══ Dataset excerpts

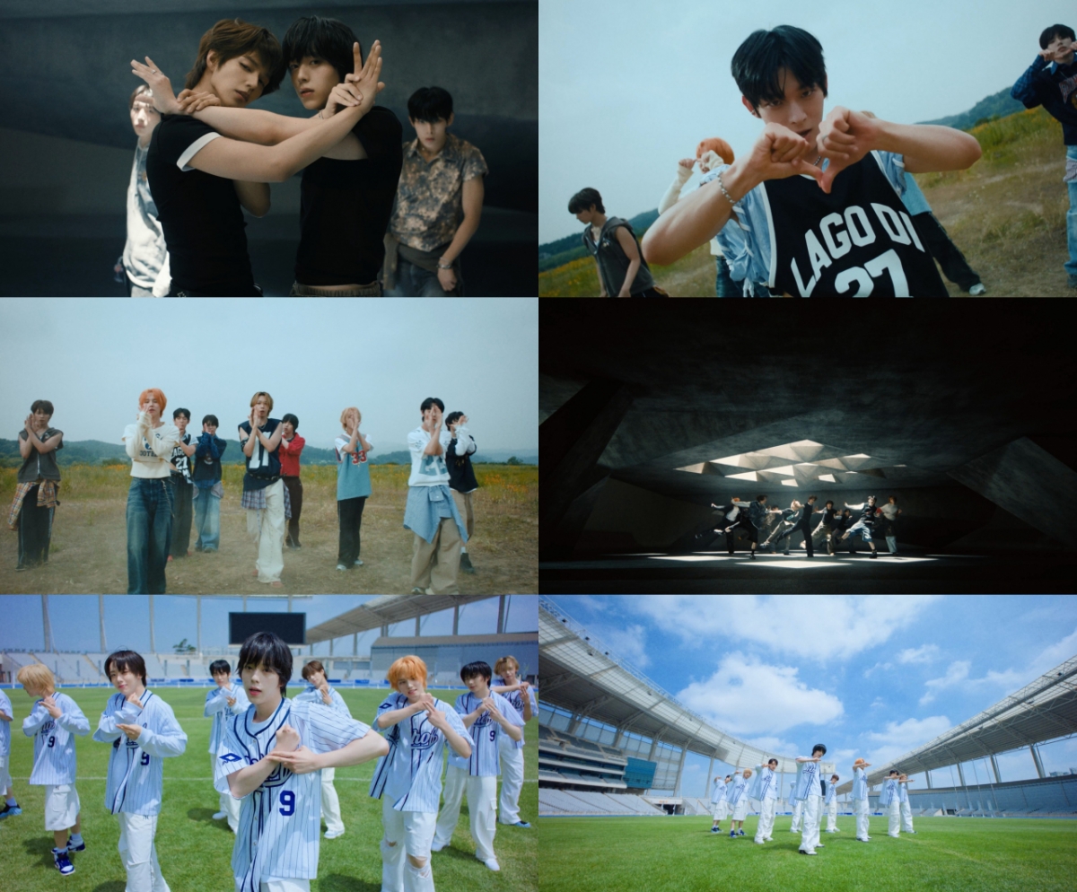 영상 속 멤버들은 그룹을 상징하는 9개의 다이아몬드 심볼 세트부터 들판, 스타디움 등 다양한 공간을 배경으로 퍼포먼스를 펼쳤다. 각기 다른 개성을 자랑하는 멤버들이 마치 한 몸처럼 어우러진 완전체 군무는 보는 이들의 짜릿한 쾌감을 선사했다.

════
══ Dataset excerpts

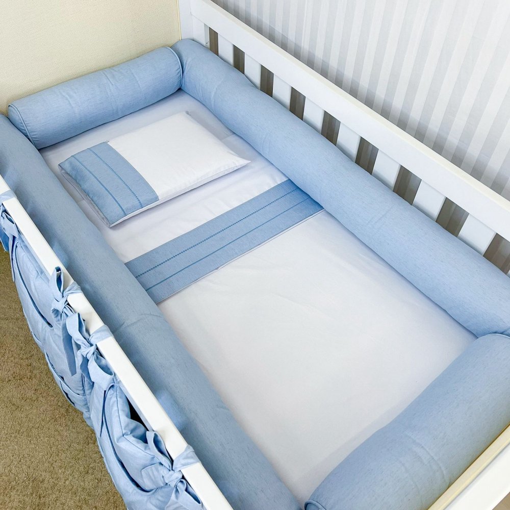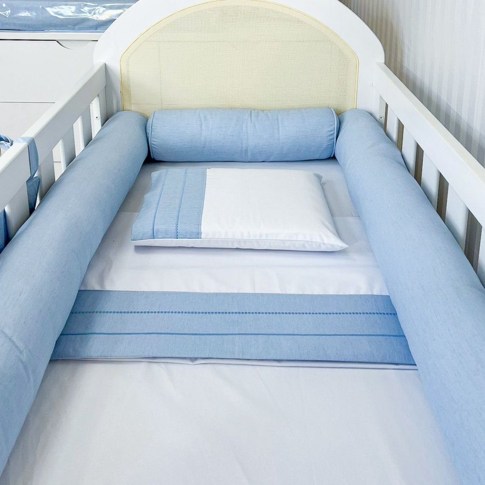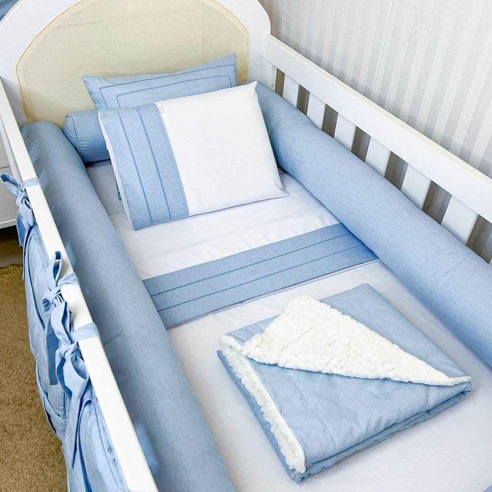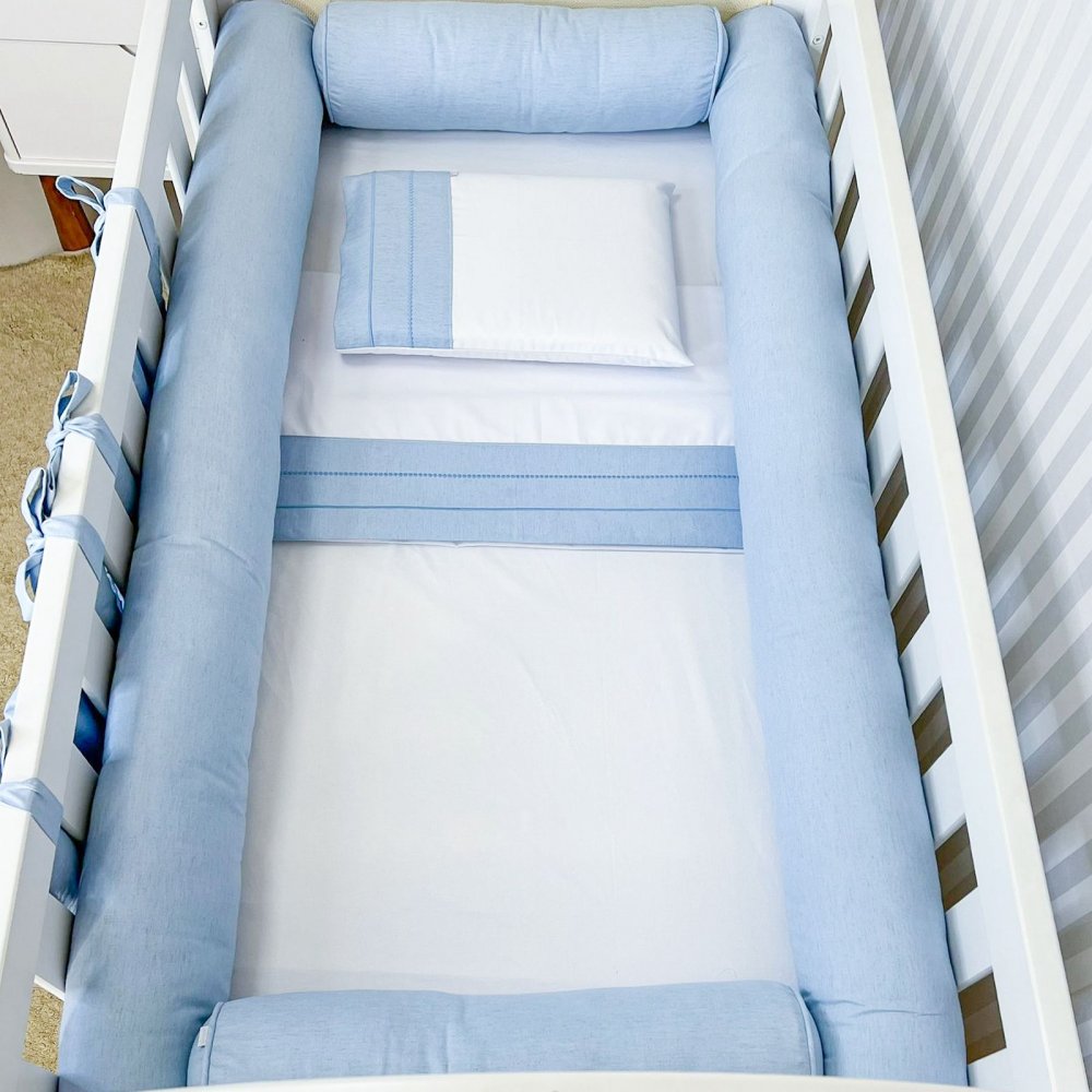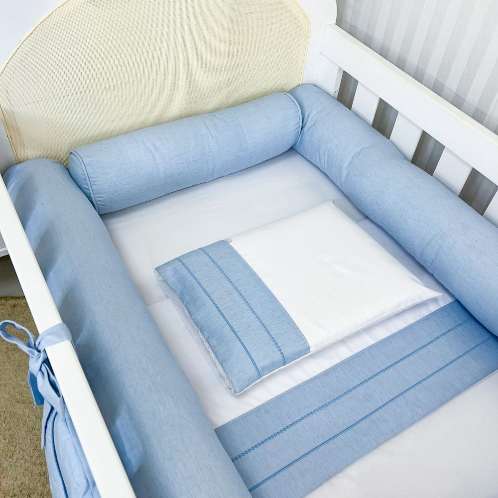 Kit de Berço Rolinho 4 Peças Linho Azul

════
══ Dataset excerpts

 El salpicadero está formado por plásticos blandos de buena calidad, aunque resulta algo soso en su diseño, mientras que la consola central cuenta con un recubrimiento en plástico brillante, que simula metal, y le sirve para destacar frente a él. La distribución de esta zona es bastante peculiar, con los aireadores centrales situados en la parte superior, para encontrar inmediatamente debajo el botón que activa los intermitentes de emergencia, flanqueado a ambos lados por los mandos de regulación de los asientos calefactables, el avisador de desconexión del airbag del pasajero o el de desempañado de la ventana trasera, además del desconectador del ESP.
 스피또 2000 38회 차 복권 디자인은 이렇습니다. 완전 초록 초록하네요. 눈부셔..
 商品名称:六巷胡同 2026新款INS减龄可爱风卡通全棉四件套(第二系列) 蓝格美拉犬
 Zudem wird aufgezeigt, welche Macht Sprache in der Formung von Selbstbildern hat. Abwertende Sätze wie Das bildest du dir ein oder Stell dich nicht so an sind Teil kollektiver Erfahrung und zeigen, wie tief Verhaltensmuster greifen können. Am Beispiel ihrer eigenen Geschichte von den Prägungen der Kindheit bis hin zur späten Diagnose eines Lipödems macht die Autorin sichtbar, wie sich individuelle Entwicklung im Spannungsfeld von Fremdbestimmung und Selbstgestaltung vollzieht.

════

▶ [Exercise objective]:
Search the listing above for the lines with "스피또 2000 38회" and "商品名称:六巷胡同 2026新款INS减龄可爱风卡通全棉四件套(第二系列) 蓝格美拉犬", then output those lines and all lines between them exactly.

▶ [Reply to the exercise]:
 스피또 2000 38회 차 복권 디자인은 이렇습니다. 완전 초록 초록하네요. 눈부셔..
 商品名称:六巷胡同 2026新款INS减龄可爱风卡通全棉四件套(第二系列) 蓝格美拉犬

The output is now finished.